▸ EXCERPTED DATA
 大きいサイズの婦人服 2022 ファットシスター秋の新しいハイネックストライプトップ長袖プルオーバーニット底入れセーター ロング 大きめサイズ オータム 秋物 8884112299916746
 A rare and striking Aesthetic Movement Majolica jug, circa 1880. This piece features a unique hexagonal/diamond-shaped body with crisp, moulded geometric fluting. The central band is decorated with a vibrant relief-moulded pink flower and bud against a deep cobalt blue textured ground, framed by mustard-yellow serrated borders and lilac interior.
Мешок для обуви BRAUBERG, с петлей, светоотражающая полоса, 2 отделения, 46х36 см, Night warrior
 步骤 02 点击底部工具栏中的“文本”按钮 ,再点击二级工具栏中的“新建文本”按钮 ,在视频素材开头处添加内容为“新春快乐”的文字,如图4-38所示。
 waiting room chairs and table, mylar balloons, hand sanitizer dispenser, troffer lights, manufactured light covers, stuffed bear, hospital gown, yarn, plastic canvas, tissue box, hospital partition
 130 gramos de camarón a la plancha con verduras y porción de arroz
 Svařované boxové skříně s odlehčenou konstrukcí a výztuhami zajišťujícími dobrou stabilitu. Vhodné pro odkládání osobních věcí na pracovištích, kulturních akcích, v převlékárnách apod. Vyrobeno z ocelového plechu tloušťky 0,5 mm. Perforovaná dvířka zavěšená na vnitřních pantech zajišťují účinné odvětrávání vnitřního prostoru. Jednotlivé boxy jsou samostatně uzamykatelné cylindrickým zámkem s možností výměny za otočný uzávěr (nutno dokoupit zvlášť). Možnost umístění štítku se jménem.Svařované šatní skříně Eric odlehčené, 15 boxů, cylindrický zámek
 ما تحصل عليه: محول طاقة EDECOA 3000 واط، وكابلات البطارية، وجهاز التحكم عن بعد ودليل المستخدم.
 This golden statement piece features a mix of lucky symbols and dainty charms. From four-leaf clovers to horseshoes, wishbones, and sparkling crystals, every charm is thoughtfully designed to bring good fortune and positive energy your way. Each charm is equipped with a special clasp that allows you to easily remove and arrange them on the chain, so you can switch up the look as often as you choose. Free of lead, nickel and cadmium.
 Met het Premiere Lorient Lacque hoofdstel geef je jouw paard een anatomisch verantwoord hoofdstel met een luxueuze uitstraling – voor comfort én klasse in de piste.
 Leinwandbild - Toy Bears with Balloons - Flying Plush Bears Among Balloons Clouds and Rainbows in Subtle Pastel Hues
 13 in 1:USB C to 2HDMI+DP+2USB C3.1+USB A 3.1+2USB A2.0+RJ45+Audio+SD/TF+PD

▸ INSTRUCTIONS FOR THE TASK
Retype only the lines running from the top of the listing to the line that holds "130 gramos de", both ends included.

▸ REPLY TO THE EXERCISE
 大きいサイズの婦人服 2022 ファットシスター秋の新しいハイネックストライプトップ長袖プルオーバーニット底入れセーター ロング 大きめサイズ オータム 秋物 8884112299916746
 A rare and striking Aesthetic Movement Majolica jug, circa 1880. This piece features a unique hexagonal/diamond-shaped body with crisp, moulded geometric fluting. The central band is decorated with a vibrant relief-moulded pink flower and bud against a deep cobalt blue textured ground, framed by mustard-yellow serrated borders and lilac interior.
Мешок для обуви BRAUBERG, с петлей, светоотражающая полоса, 2 отделения, 46х36 см, Night warrior
 步骤 02 点击底部工具栏中的“文本”按钮 ,再点击二级工具栏中的“新建文本”按钮 ,在视频素材开头处添加内容为“新春快乐”的文字,如图4-38所示。
 waiting room chairs and table, mylar balloons, hand sanitizer dispenser, troffer lights, manufactured light covers, stuffed bear, hospital gown, yarn, plastic canvas, tissue box, hospital partition
 130 gramos de camarón a la plancha con verduras y porción de arroz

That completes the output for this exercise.